A (Real Estate) Tale of Two Cities and Four Zip Codes

Posted on May 13, 2008
Filed Under Portland, Lake Oswego, bubbles, Statistics, Builders, Buying Real Estate, Selling Real Estate, Real Estate |

For those who still doubt that all real estate is local, I thought it would help to compare two areas with approximately the same number of listings (detached single family).  The first - the southeast zip codes of 97202 and 97206, encompassing Woodstock, Eastmoreland and Sellwood - has 438 active listings; and the second - the Lake Oswego zip codes of 97034 and 97035 - has 497.  Note both the areas are included in the MSA used by Case/Shiller, the Portland Metro designation used by RMLS, and even the Bubblers’ favorite Housingwatch region, which is so addled it includes among its cities the metropolises of Wankers Corners [sic], Helvetia and Interlachen, but excludes the possibly more significant cities of Canby, Wilsonville and Oregon City.  (In fact LO is included three times:  Lake Oswego, Oswego and Lake Grove.)

Lake Oswego

LO is to Portland as Bellevue is to Seattle, Beverly Hills to LA, Scottsdale to Phoenix.  It’s gorgeous, has fabulous schools, surrounds, as you might guess, a 415 acre lake, and is home of Oregon’s most expensive real estate.

Five or six years ago the area went nuts.  With very little available undeveloped land within the city limits, builders were buying older homes for teardowns and rebuilds, or buying odd shaped lots and subdividing them into flag lots.  With the cost of land already high and getting higher - LO had one of the highest appreciations in the state during the runup - added to which was the cost of site prep, it seemed impractical to put a $350k home on a lot that had cost $300k.  So we had a steady increase of new million dollar homes, an increase that slowed only recently.

The consequence now is 4500 sf homes on 6000 sf lots; new million dollar homes built between two 1950 teardowns;  $1.2 million homes crammed so tightly on flag lots that a Suburban can’t maneuver into the garage.  Lake Oswego has some, well, issues:

Total active inventory:  497.
Median price (active):  $749,000.
Months’ Supply of Inventory:  11.7 (Terradatum)
New construction active:  97, 19.5% of total.
Median price new construction:  $1,249,000.
MSI $749,000 + :  23.5
MSI $749,000 -  :   7.9

I think it’s safe to say we’re somewhat over built in the million dollar range; over $1 million new construction accounts for 42% of the inventory.  The prices are going to have to come down to move, but builders, at least so far, have been anchored to their costs. 

A strong buyers’ market.

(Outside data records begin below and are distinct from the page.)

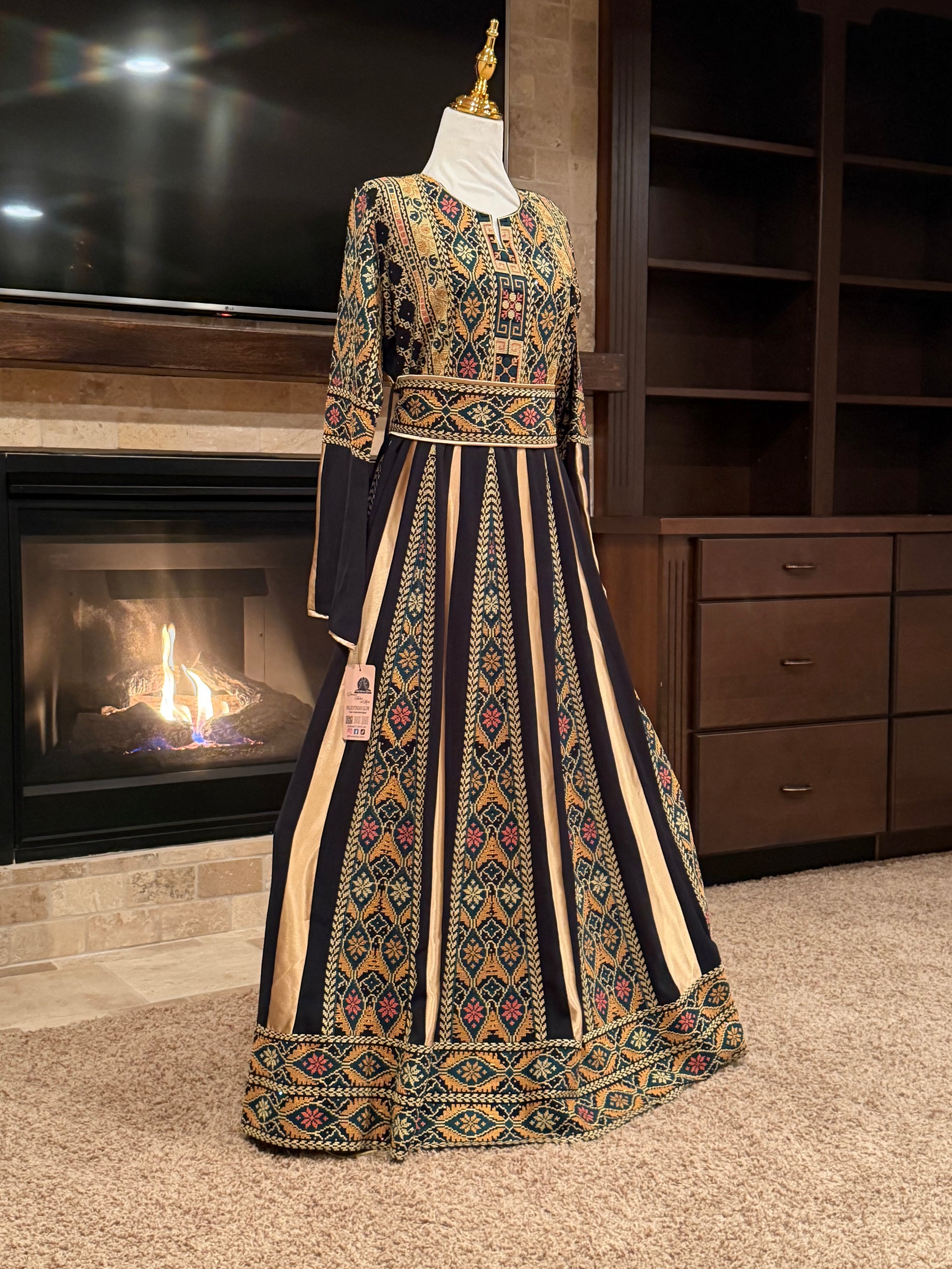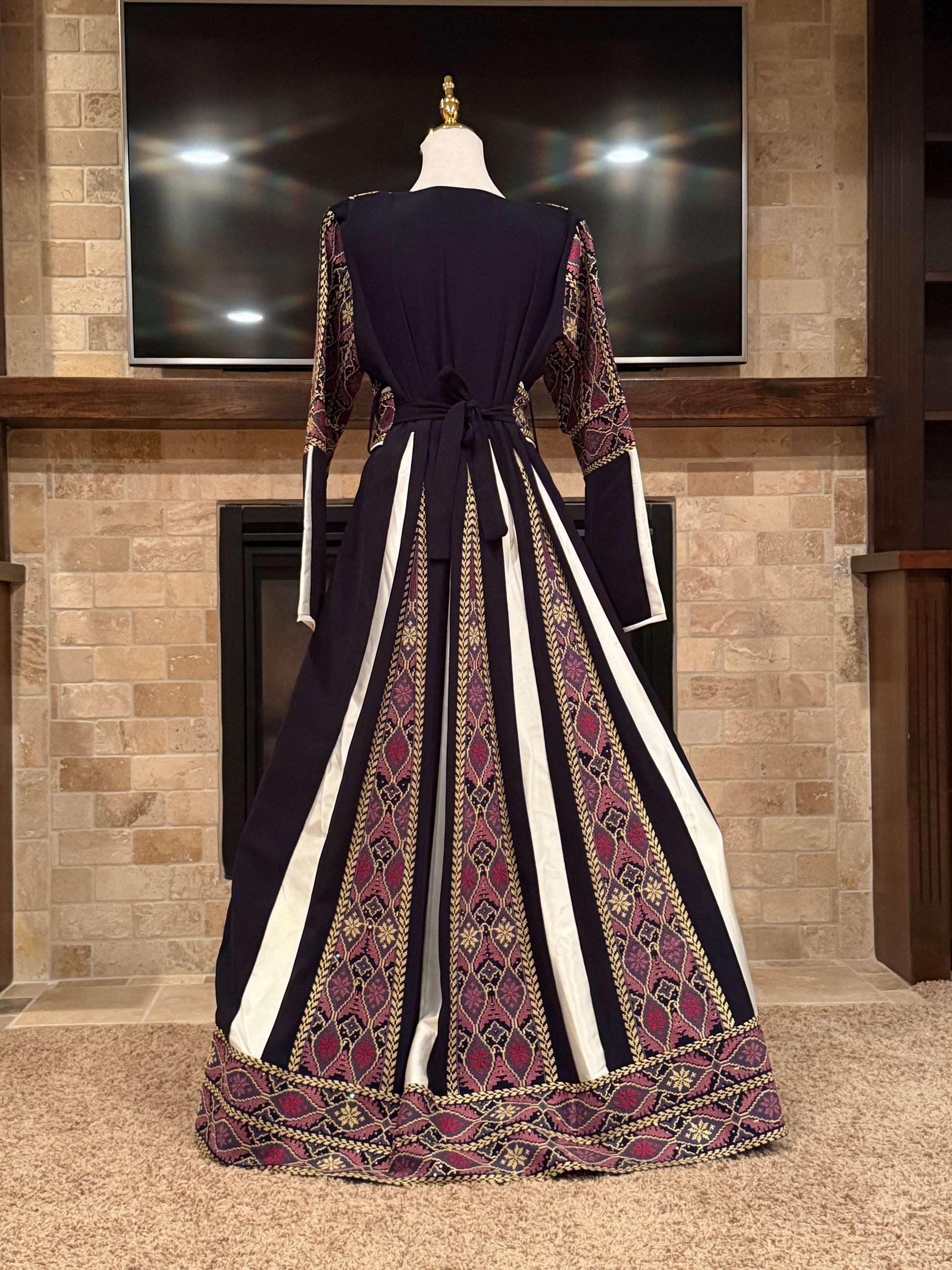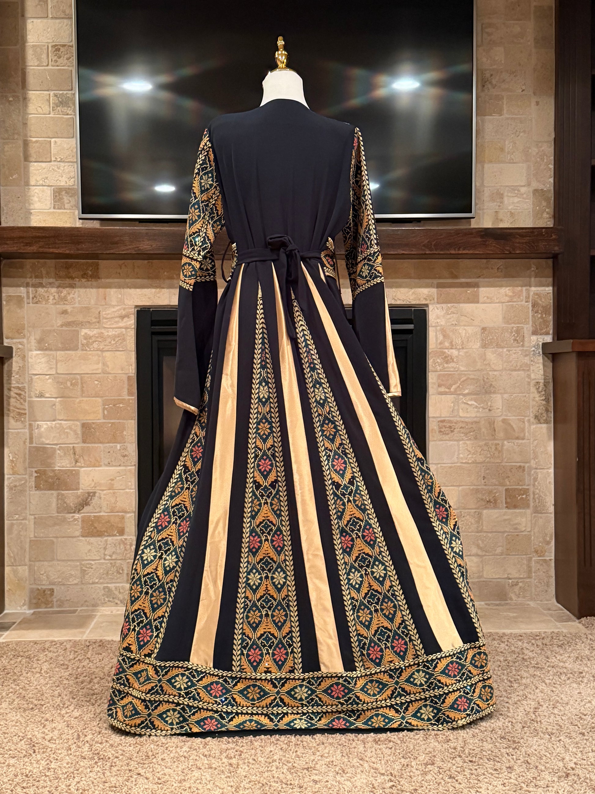 Al Sharkasi Thobe exudes timeless sophistication with its lustrous satin finish and detailed embroidery. The flowing silhouette and structured waist create a graceful balance of elegance and strength, making it ideal for special occasions. A modern interpretation of classic tradition, this piece radiates refined luxury.
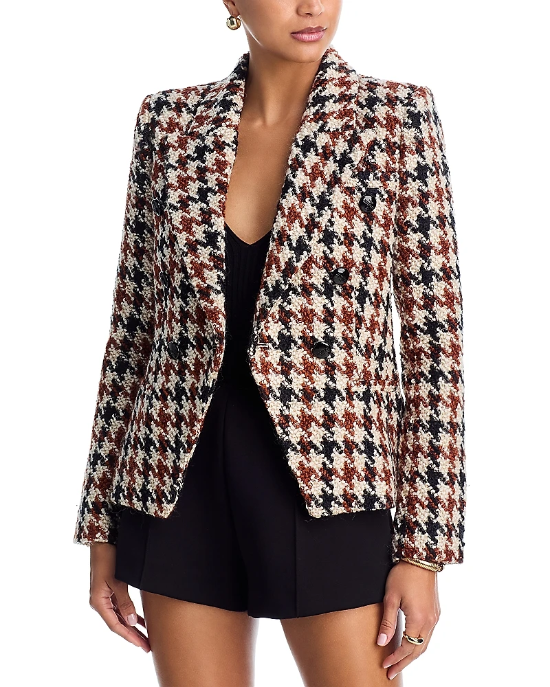 L'Agence Marie Double Breasted Blazer.Color:Black/Brown/Cream.Size:0.Material:Acrylic/polyester/wool; lining: polyester.
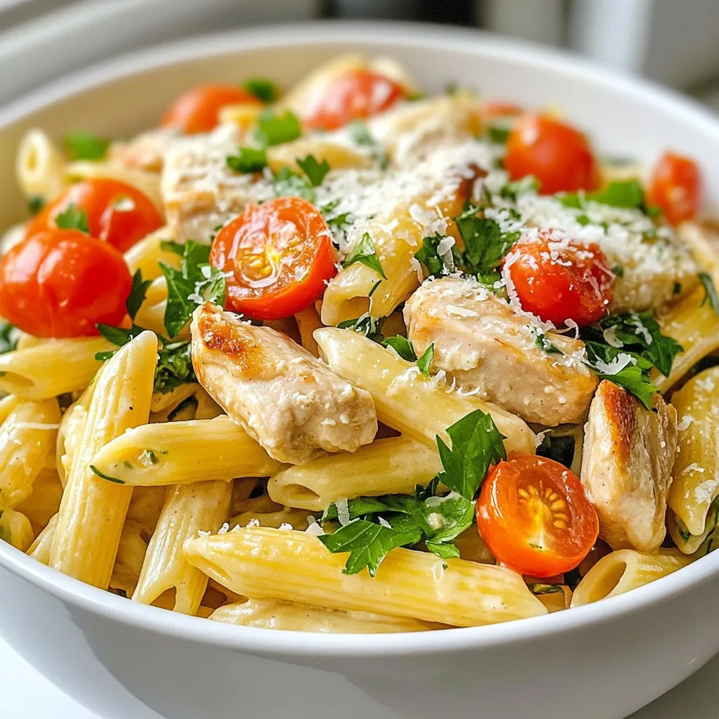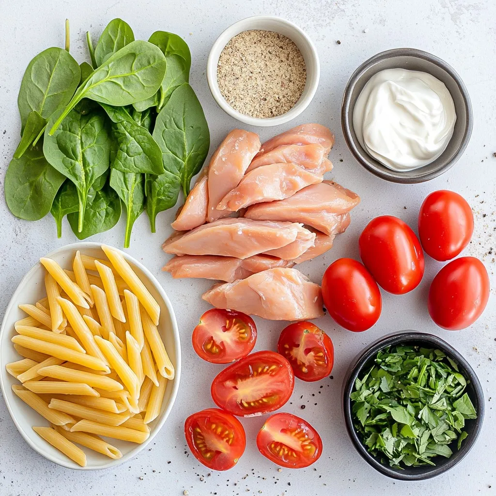 To save time, prep your ingredients first. Dice the chicken and halve the tomatoes before you start cooking. Use a large pot to boil the pasta. While it cooks, you can sauté the chicken. This cuts down on waiting time. If you have leftover chicken, use it instead of cooking from scratch. You can also use pre-chopped spinach or cherry tomatoes. This makes the process even faster!
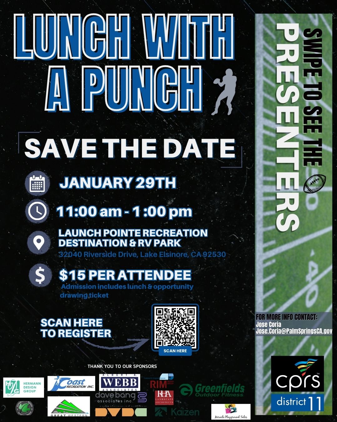 Ready to kick off the next drive in your Recreation Career? Registration for this years Lunch with a Punch is now open!With guest speakers from the City of Temecula, Riverside, and Lake Elsinore. These Recreation Professionals are true veterans of the field and will share the strategies, leadership calls, and lessons that lead to championship-level success.π January 29, 2026π Lake Elsinoreβ° 11:00 a.m. - 1:00 p.m.π $15 per personπ΄ Includes lunch + a chance to score big in our opportunity drawing!The clock is running so call the play and register before time runs out!
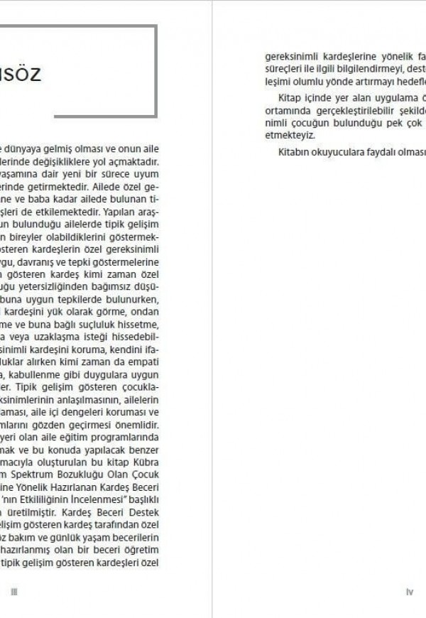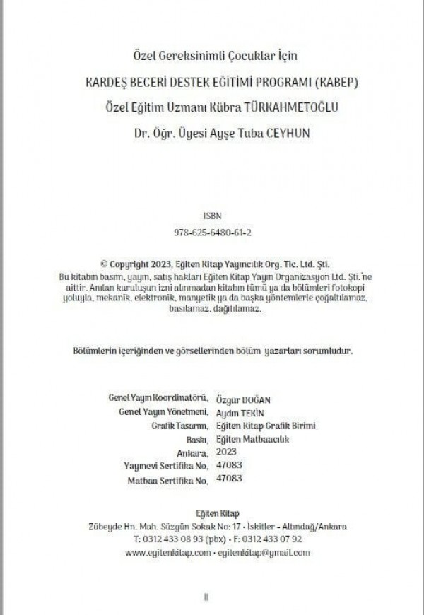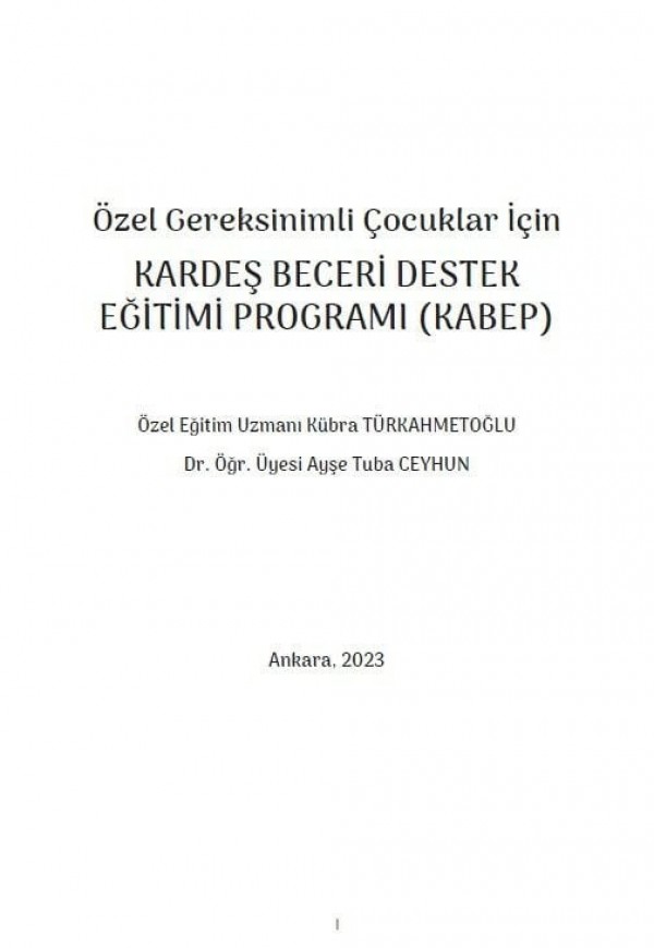 Özel eğitim alanında önemli bir yeri olan aile eğitim programlarında kardeşlerin önemine vurgu yapmak ve bu konuda yapılacak benzer uygulamalara rehberlik etmek amacıyla oluşturulan bu kitap Kübra Türkahmetoğlu (2022)’nun "Otizm Spektrum Bozukluğu Olan Çocuk ve Tipik Gelişim Gösteren Kardeşine Yönelik Hazırlanan Kardeş Beceri Destek Eğitimi Programı (KABEP) ’nın Etkililiğinin İncelenmesi” başlıklı yüksek lisans tez çalışmasından üretilmiştir. Kardeş Beceri Destek Eğitimi Programı (KABEP), tipik gelişim gösteren kardeş tarafından özel gereksinimli kardeşe uygulanan öz bakım ve günlük yaşam becerilerin öğretimine yardımcı olmak için hazırlanmış olan bir beceri öğretim programıdır. Bu eğitim programı, tipik gelişim gösteren kardeşleri özel gereksinimli kardeşlerine yönelik farkındalık oluşturmayı, öğrenme süreçleri ile ilgili bilgilendirmeyi, destek olmaya ve kardeşler arası etkileşimi olumlu yönde artırmayı hedeflemektedir.
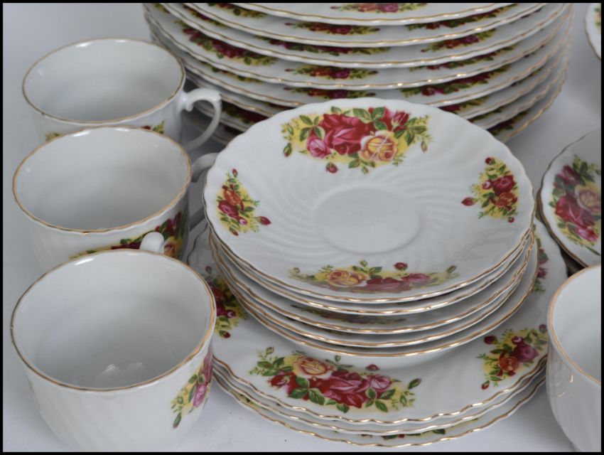 An extensive bone China tea service by Royal Norfolk in the manner of Royal Albert Country Roses, consisting of trio's teapots etc please refer to images. Measures: 36cm wide.
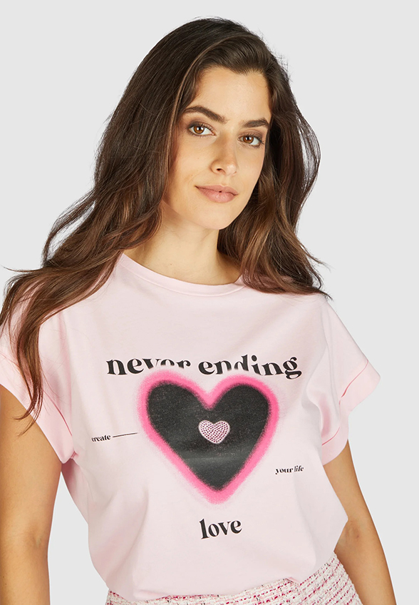 Przepiękna, wysokiej jakości koszulka z modnym nadrukiem „Heart”. Klasyczny krój z krótkimi rękawami i okrągłym dekoltem jest absolutnie ponadczasowy. Wykonana z przyjaznej dla skóry czystej bawełny z oznakowaniem ,,Better Cotton Initiative”.
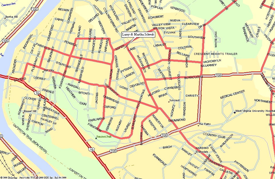 To get to Collins Ferry Rd, take University Ave toward Star City. University splits into University and Collins Ferry just past the Eckard drug store (Morgantown side) or Bi-Lo grocery store (coming from Star City)
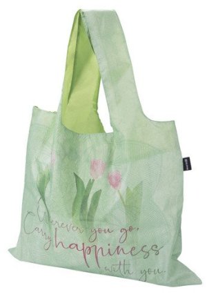 Do velké tašky z [laminované] netkané textilie s potiskem růží naskládáte plno věcí.
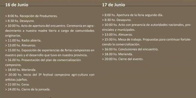 El 1° Encuentro Provincial de Ferias Campesinas y Experiencias de Comercialización de la Agricultura familiar, campesina e indígena tendrá lugar los días viernes 16 y sábado 17. Del mismo participarán el movimiento campesino y comunidades originarias Pucará, Feria campesina Agrícola Ramal y Yungas de San Pedro, Feria de las comunidades Aborígenes UPPAJS de Humahuaca y la Feria campesina de San Salvador de Jujuy.
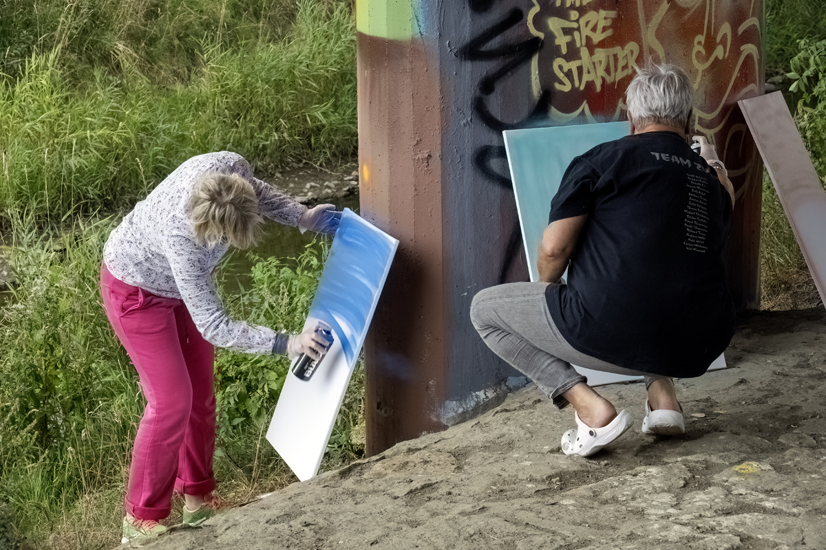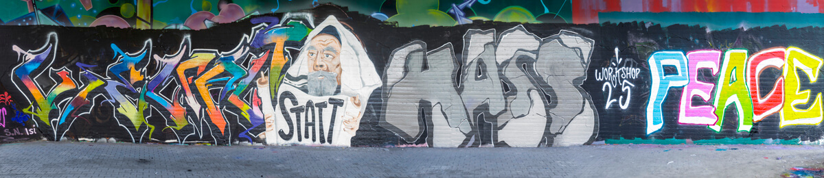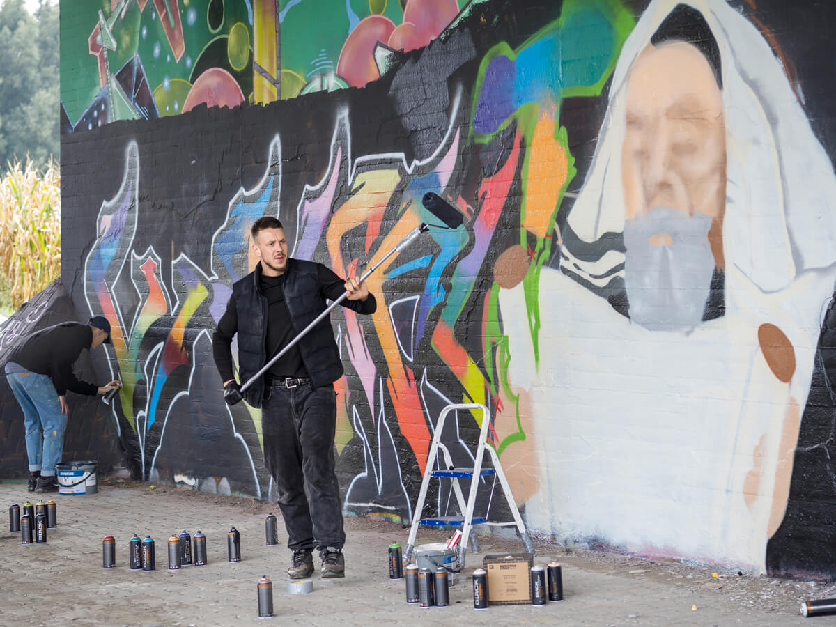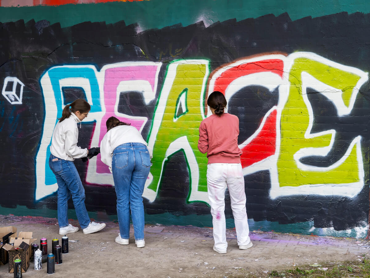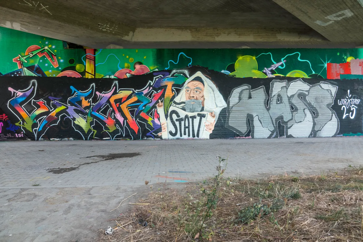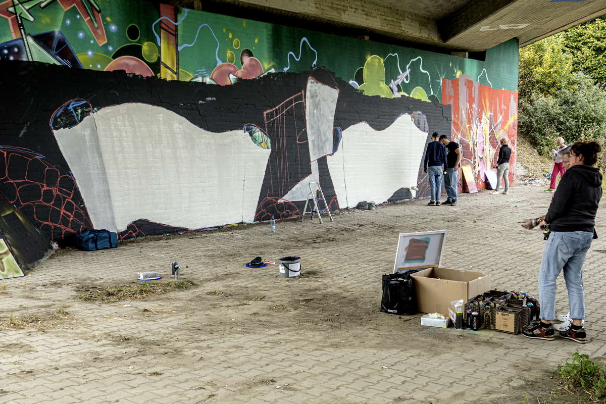 Unter der Leitung der professionellen Sprayer Axel Christiani und seinem Partner Jens Meier entstanden Motive zum Thema Antisemitismus.
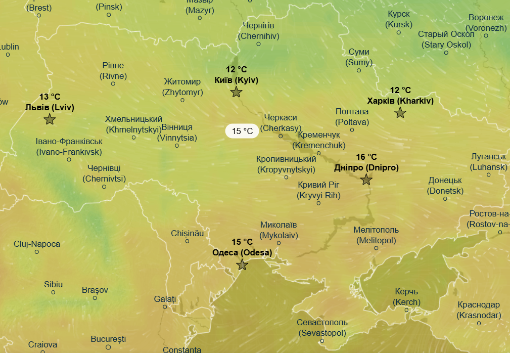 В четверг, 16 октября, с запада в Украину зайдет волна теплого воздуха – атмосферный фронт прогонит с территории нашей страны дожди. Днем ожидается комфортная погода с максимумом +11…+13 градусов на большей территории нашей страны. При этом в Сумской, Черниговской, Харьковской, Луганской и Донецкой областях еще будет прохладно — в пределах +8...+10.
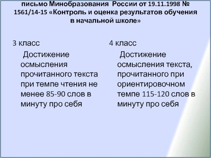 Слайд 13письмо Минобразования России от 19.11.1998 № 1561/14-15 «Контроль и оценка результатов
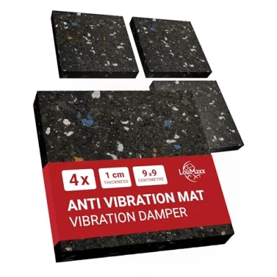 VERSATILE APPLICATION: The LouMaxx anti-vibration mat is highly versatile, ideal for use with washing machines, dryers, refrigerators, freezers, or as a sound absorbing mat for appliances like coffee machines, music boxes, sewing machines, and printers. It’s also great as a shower pump vibration mat, vibration mat, or gym mat. PREMIUM QUALITY: The LouMaxx anti vibration pad stands out for its superior quality compared to competitors. LouMaxx mats are 1,0 cm thick, while most competitors offer only 0,5 - 0,8 cm, ensuring optimal performance as a sound absorbing mat or washing machine mat. EFFECTIVE ANTI-VIBRATION: LouMaxx washing machine vibration dampers effectively reduce unwanted noise, making them an excellent choice for anti vibration pads. These pads keep your washing machine stable during the spin cycle, preventing movement and protecting your floors. The anti vibration mat washing machine option ensures full protection. ECO-FRIENDLY MATERIALS: LouMaxx washing machine vibration mat is made from odorless, PAK-free rubber granulate. Produced from 100% recycled materials, this washing machine vibration mat is both sustainable and environmentally friendly. COMPLETE PACKAGE: The LouMaxx anti vibration mat set includes 4 mats, each measuring 9 x 9 x1,0 cm. These mats isolate your appliances from the floor, preventing vibrations and noise from traveling through your home. The LouMaxx washing machine mat anti vibration solution ensures a quieter, more peaceful environment.

It’s going to be a relatively slow recovery.

[Although, JP, we’ve had four consecutive months of increased pending sales.  Isn’t that, by your definition, an upward trend?]

Southeast Portland: Eastmoreland, Sellwood, Woodstock

Much older established neighborhoods, much of it early to mid twentieth century.  Much more affordable price points.

Total active inventory:  438.
Median price (active):  $277,000.
Months’ Supply of Inventory:  3.9
New construction active:  37, 8.4% of total.
Median price, new construction:  $269,000 (!)
MSI $277,000 + :  4.2
MSI $277,000 -  :  3.7

So we have a strong buyers’ market and a moderate sellers’ market within eight miles of each other.  This can be repeated in neighborhoods and at price points throughout the area.  Broad based indices are not adequate, in this market or any other, to base vital buying and selling decisions; you need to go deeper.

AREIL.

Comments

9 Responses to “A (Real Estate) Tale of Two Cities and Four Zip Codes”

  1. Real Estate/Buisness News » Blog Archive » A (Real Estate) Tale of Two Cities and Four Zip Codes on May 14th, 2008 2:26 am

    […] Original post by Jeff Kempe […]

  2. A (Real Estate) Tale of Two Cities and Four Zip Codes | Teardown Post on May 16th, 2008 5:37 pm

    […] Read on … […]

  3. hmmmm on May 18th, 2008 12:40 am

    This site should be renamed “Conversation is the Pits” I think your style discourages comments. IMHO

  4. Jeff Kempe on May 18th, 2008 2:16 am

    >I think your style discourages comments.

    If you’re looking for a Daily Kos comment section - where nonsense and venom routinely goes unchallenged and where the only comments read are by those repeatedly reading their own - this isn’t it. I have no use for those who play games with IP addresses, who rant unintelligently simply to incite.

    On the other hand I enjoy intelligent debate, like that led by both Bearlee and Git. I’m happy to admit mistakes, but what I won’t do, when I disagree, is capitulate in deference to being nice.

    If that impedes comments, well, I invite you to not comment as often as you like.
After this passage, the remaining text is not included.